- K. C. Pillai (1900–1970)
- Born: Mudigolam, Chittoor District, Andhra Pradesh, India
- Died: 20 February 1970 Birmingham, Alabama, US
- Education: Master of Arts, Doctor of Divinity
- Occupations: Bishop, Biblical Scholar
- Known for: Eastern Manners, Customs and Orientalisms of the Bible
- Spouse: Swarnamma Pillai
- Children: 3

= K. C. Pillai (bishop) =

Karnam Chengalvaraya Pillai (1900–1970) was a bishop, Antiochean Succession, Chennai (Madras), India. He spent the last twenty years of his life in the United States on a special mission to acquaint Christians with the orientalisms of the Bible. He wrote books and worked with western Christians to help clarify what he believed were difficult Scriptural passages through an understanding of the eastern manners and customs.

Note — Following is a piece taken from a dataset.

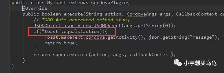 第一行是固定格式,照着写就行了。第二行中的toast为前台调用时候的方法名。解释一下exec();方法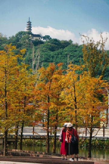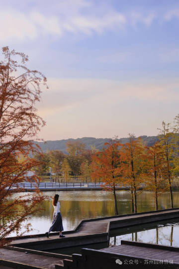 湿地植物园池杉栈道:木栈道穿梭在池杉林中,今年新增水雾景观,上午7:30-9:00或下午2:30-3:30打卡最佳。贴近地面拍落叶前景避开人群,或用广角镜头拍“上方山+楞伽塔+池杉+水面”全景,秋日壁纸直接有。

During his time in the United States, he became associated with Victor Paul Wierwille, the founding president of The Way International and according to the book Born Again to Serve by the American Christian Press, Pillai and Wierwille worked through every orientalism in the Bible from Genesis through Revelation over a six-week period in 1953.

His books include:
- Light Through an Eastern Window
  - Robert Speller & Sons; Publishers (1963) ISBN 0-8315-0057-3
  - The Way International: American Christian Press (1987). ISBN 0-910068-63-1
- Orientalisms of the Bible – Volumes 1 & 2
  - Munkus Publishing Company, INC. (1969, 1974)
  - The Way International: American Christian Press (1984). ISBN 0-910068-70-4
In 1980, Reverend Bo Reahard compiled several of Pillai's teachings in his work Old and New Testament Orientalisms – Teachings of Bishop K.C. Pillai and in 2010, Jeanie Strand Chilton published the work Eastern Customs of the Bible: The Teachings of Bishop K. C. Pillai.